Task brief:
Nothing but the lines from the one containing "Peu après notre" through the end of the entries below should appear in your answer, transcribed exactly; please drop the pictures.

The data:
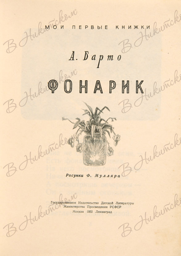 [Серия «Мои первые книжки»]. Барто, А. Фонарик / рис. Ф. Мулляра. М.; Л.: ДЕТИЗДАТ, 1952.
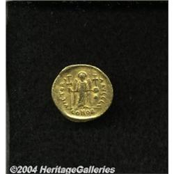 <B>Justinian I.</B></I> A.D. 527-565. AV solidus (21 mm, 4.39 g). Constantinople, A.D. 527-538. Helmeted and cuirassed bust facing slightly right, holding spear over shoulder and shield decorated with horseman spearing a fallen enemy / Angel standing facing, holding long jewelled cross and globus cruciger; star in right field; I/CONOB. DOC 3i; SB 137. Near VF. <BR><I>From the Geneva Collection.</B></I> <BR><BR><B>Important notice:</B> Heritage usually auctions material at the rate of 200-250 lots per hour. On some occasions eBay Live bid software or the Internet may not be able to keep up with the pace of the auction. We recommend placing a realistic absentee bid now as insurance to avoid disappointment. Occasionally the auctioneer may eliminate or reject an eBay Live bid, and the auctioneer may also reopen a lot after the close of the eBay live bidding (usually because we missed an audience bid), and may reject your bid even if it shows you as the winning bidder. By bidding via eBay Live, you agree that Heritage may award the lot to another bidder at its sole discretion under the circumstances described above or any other reasonable circumstances. Since eBay bids are not shown to us until we open the lot on the floor, we treat those bids just like floor bids. In most cases the floor responds before the eBay bid is presented to us, due to Internet lag time, so for consistency we have made it a policy that floor bids are always considered first over tie eBay live bids. Also please note that all Heritage lots purchased through eBay Live carry a 20% Buyer's Premium. Please make sure you read the Terms and Conditions before you bid.
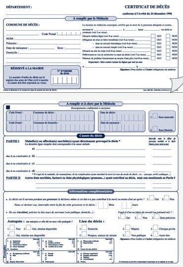 Rappel sur le certificat de décès : Partie supérieure : nominative et non confidentielle, à visée administrative : informations diverses : commune de décès, état civil du défunt, date et heure de la mort, signature du médecin et son cachet ; caractère réel et constant de la mort ; Différentes rubriques permettant à l'officier d'état civil d'autoriser ou de refuser certaines opérations funéraires = principal objectif obstacle médico-légal (crime, délit, suicide, accident du travail et maladie professionnelle, accident de la voie publique, mineur, détenu) ; présence de prothèse fonctionnant au moyen d'une pile ; obligation de mise en bière immédiate ; cercueil simple ou hermétique ; obstacle au don du corps ; prélèvement en vue de rechercher la cause du décès. La partie supérieure est en triple exemplaire et est destinée à la mairie de la chambre funéraire, à la chambre funéraire, à la mairie du lieu de décès Partie inférieure : anonyme et confidentielle, à visée épidémiologique. Cette partie sera détachée de la partie supérieure par l'officier d'état-civil qui l'adressera au médecin de l’ARS afin d'effectuer des statistiques. Rubriques : commune du décès, du domicile, date de décès, date de naissance, sexe, cause du décès, lieu du décès.
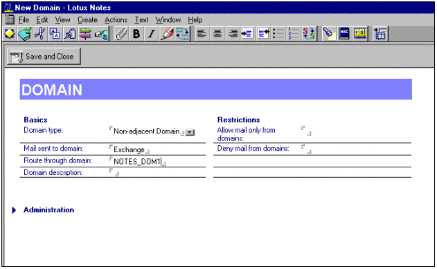 现在必须对下游 Lotus Notes 域进行配置,路由发往 Exchange Server 的邮件,使之通过 Lotus Notes 桥头服务器。通过在下游 Lotus Notes 服务器(本方案中为 NOTES_SRVR2/NOTES_ORG)上定义一个 non-adjacent domain,可实现此操作,如以下步骤所述:
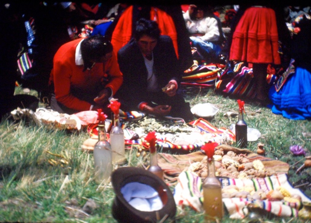 Peu après notre décision de partir, notre fils s’est annoncé. C’est donc un an plus tard que nous avons pris avec lui l’avion pour le Pérou. Il avait trois mois… Sur place, il était constamment avec nous. Il passait volontiers de bras en bras, éveillant beaucoup de sympathie. Nous avons peu à peu pris pied à Puno, avec le but de travailler sur l’île d’Amantani. Proche des Indiens, j’apprenais à connaître plus concrètement leurs pratiques, tout ce qui découlait de leur cosmologie que j’avais approchée lors de mes études. C’était passionnant. Sachant que leur sagesse était en train de disparaître, j’avais à cœur de valoriser leur culture, y compris leur artisanat.
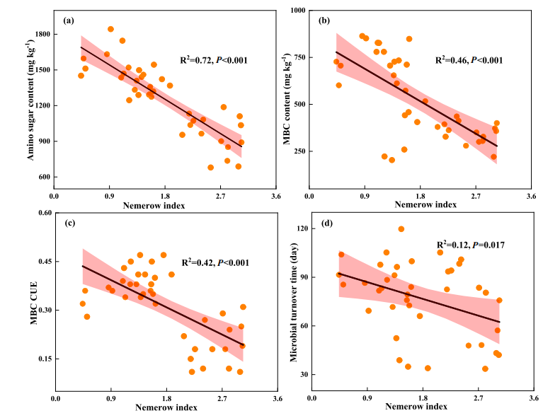 图2. 内梅罗指数与微生物变量的关系:(a) 氨基糖含量,(b) MBC含量,(c) 微生物CUE,(d) 微生物更替时间。

Task result:
 Peu après notre décision de partir, notre fils s’est annoncé. C’est donc un an plus tard que nous avons pris avec lui l’avion pour le Pérou. Il avait trois mois… Sur place, il était constamment avec nous. Il passait volontiers de bras en bras, éveillant beaucoup de sympathie. Nous avons peu à peu pris pied à Puno, avec le but de travailler sur l’île d’Amantani. Proche des Indiens, j’apprenais à connaître plus concrètement leurs pratiques, tout ce qui découlait de leur cosmologie que j’avais approchée lors de mes études. C’était passionnant. Sachant que leur sagesse était en train de disparaître, j’avais à cœur de valoriser leur culture, y compris leur artisanat.
 图2. 内梅罗指数与微生物变量的关系:(a) 氨基糖含量,(b) MBC含量,(c) 微生物CUE,(d) 微生物更替时间。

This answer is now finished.